■ **PROBLEM STATEMENT**:
Starting at the top of the records below, write out each line exactly as it stands, stopping after the line with "Beim Betreten des"; exclude the pictures.

RECORDS section start

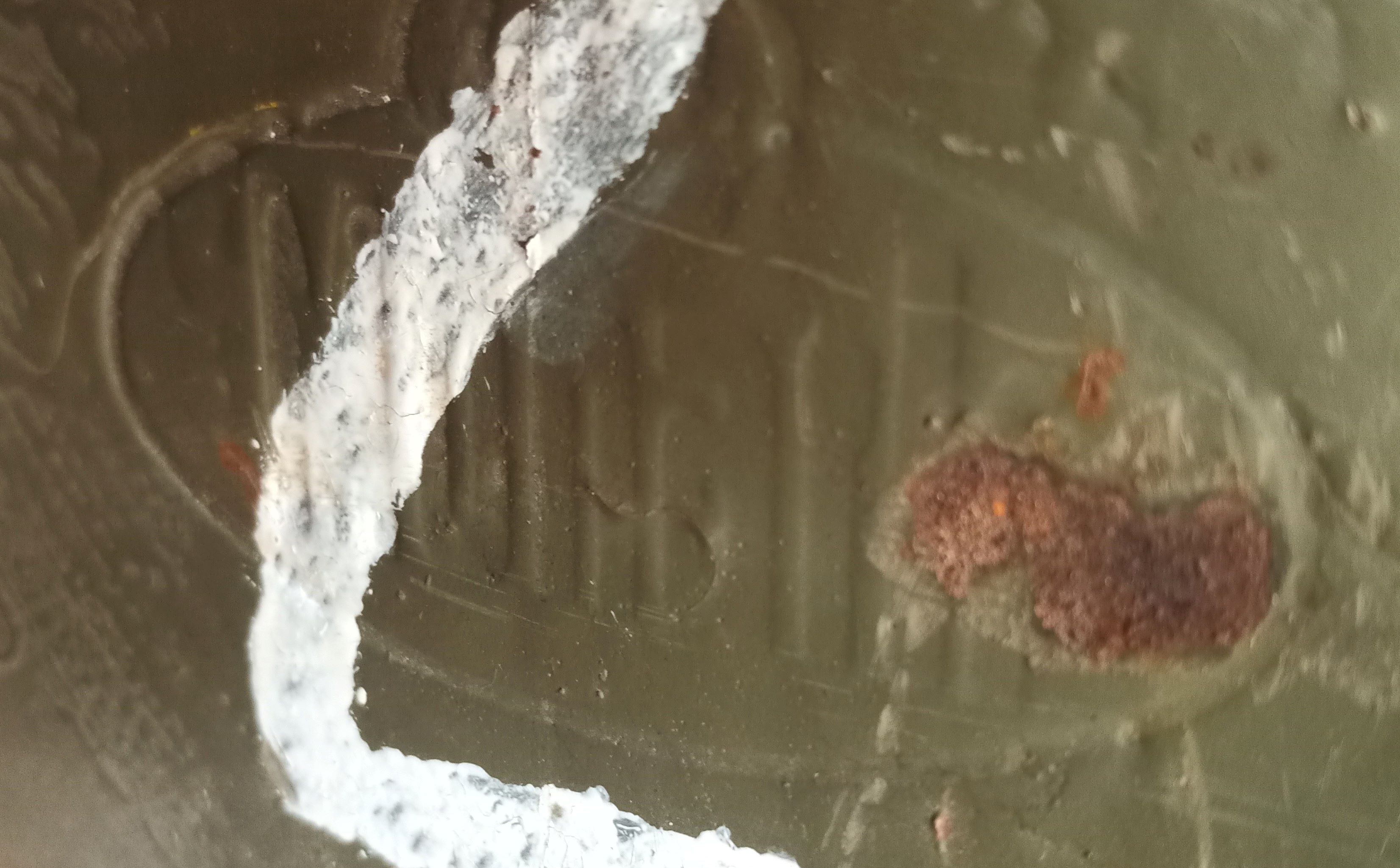 Tagarummu peale on keritud roheline teip, tundub tehasest juba selline lahendus. Ei hakka teipi eemaldama, kuigi selle alt võiks ehk mingi info välja tulla.
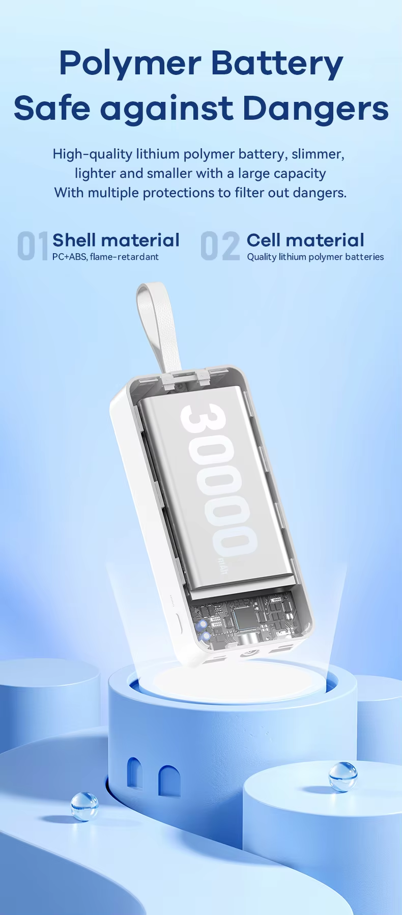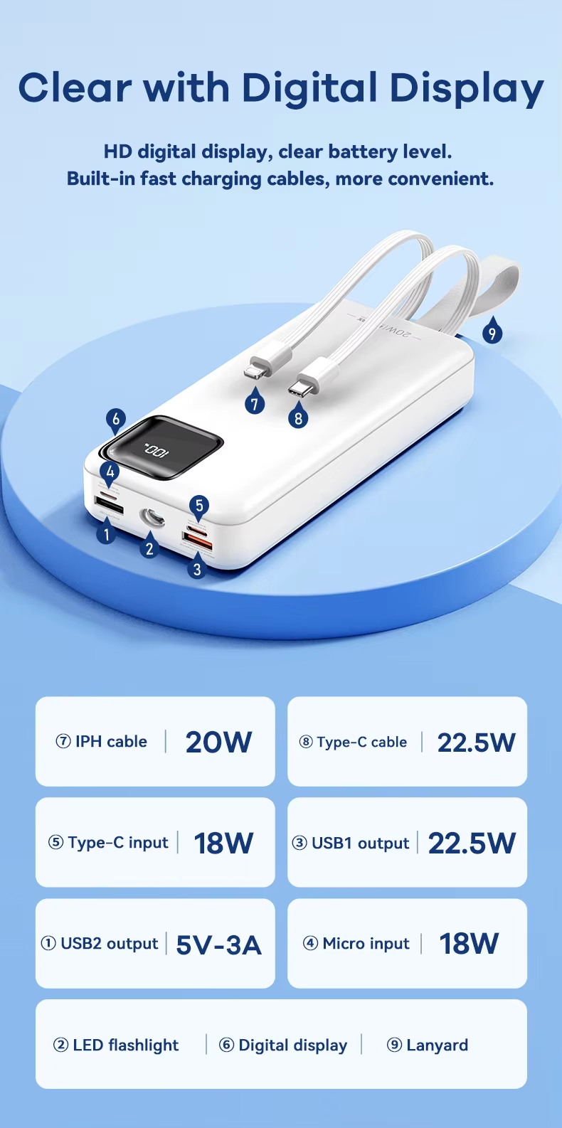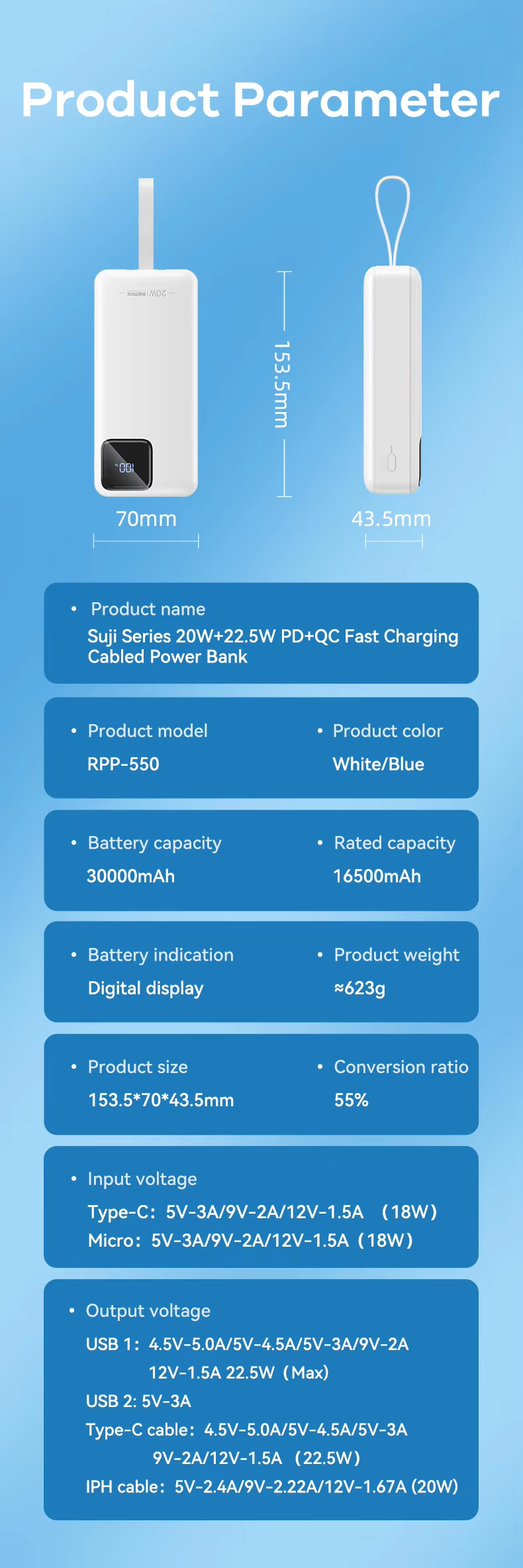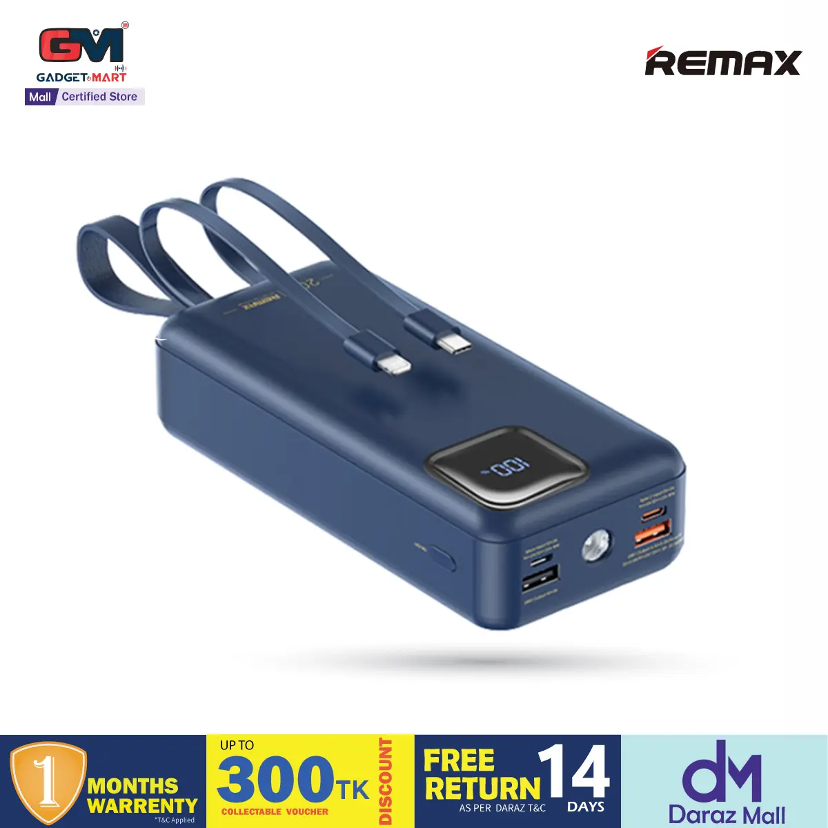 This Remax power bank features a 30000mAh high-capacity design with dual built-in fast charging cables, supporting 22.5W Type-C super fast charge and PD20W flash charge. It includes multi-protocol compatibility, LED flashlight for emergencies, smart digital display for battery status, and a fireproof ABS+PC casing ensuring safety and durability. Certified by CE, FCC, and RoHS, it guarantees compliance with international safety standards, providing market access assurance.
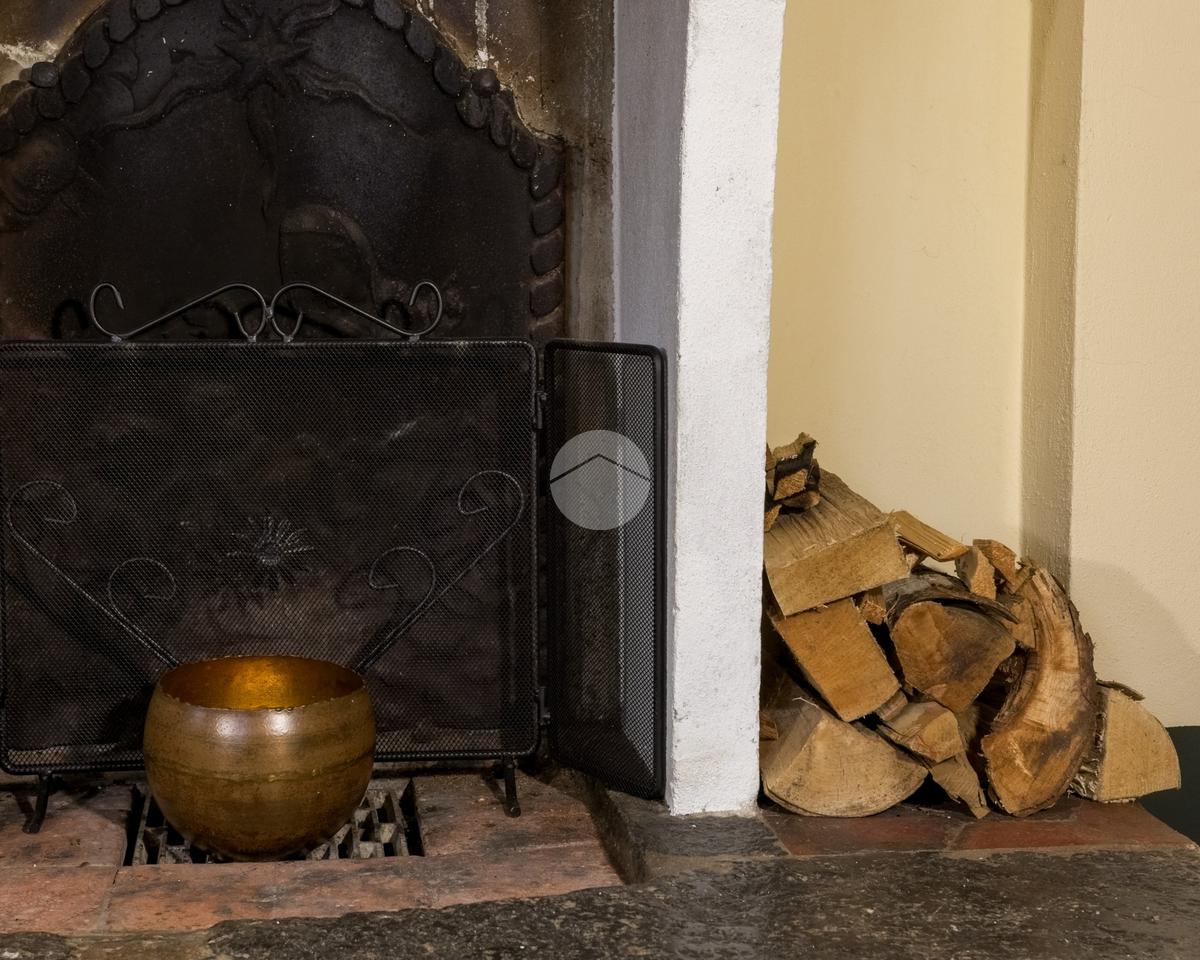 Beim Betreten des Hauses finden wir im Erdgeschoss auf der rechten Seite den Wohnbereich mit Kamin und auf der linken Seite eine charakteristische Wohnküche. Beide Räume haben Zugang zur Veranda und zum Garten mit Seeblick.
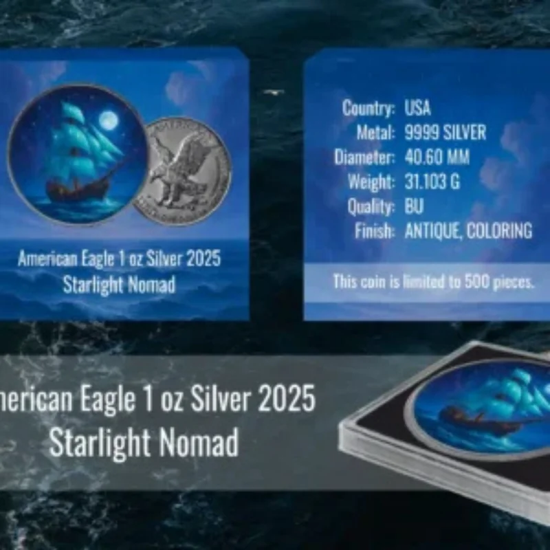 מטבע כסף צבעוני American Eagle – Masters of the Seas – Starlight Nomad 1 Oz 2025 הוא חלק בסדרת "Masters of the Seas", המוקדשת לספינות.
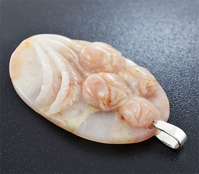 Вашему вниманию предлагается замечательный образец камнерезного искусства - миниатюра-подвеска «Тюльпаны» из стерлингового серебра (925 проба) и цельного агата! Ручная работа! Не подвергалась окрашиванию. Размеры с петлей 63 х 35 х 9 мм. Вес 20,8 г.

RECORDS section end

■ **COMPLETED EXERCISE**:
 Tagarummu peale on keritud roheline teip, tundub tehasest juba selline lahendus. Ei hakka teipi eemaldama, kuigi selle alt võiks ehk mingi info välja tulla.
 This Remax power bank features a 30000mAh high-capacity design with dual built-in fast charging cables, supporting 22.5W Type-C super fast charge and PD20W flash charge. It includes multi-protocol compatibility, LED flashlight for emergencies, smart digital display for battery status, and a fireproof ABS+PC casing ensuring safety and durability. Certified by CE, FCC, and RoHS, it guarantees compliance with international safety standards, providing market access assurance.
 Beim Betreten des Hauses finden wir im Erdgeschoss auf der rechten Seite den Wohnbereich mit Kamin und auf der linken Seite eine charakteristische Wohnküche. Beide Räume haben Zugang zur Veranda und zum Garten mit Seeblick.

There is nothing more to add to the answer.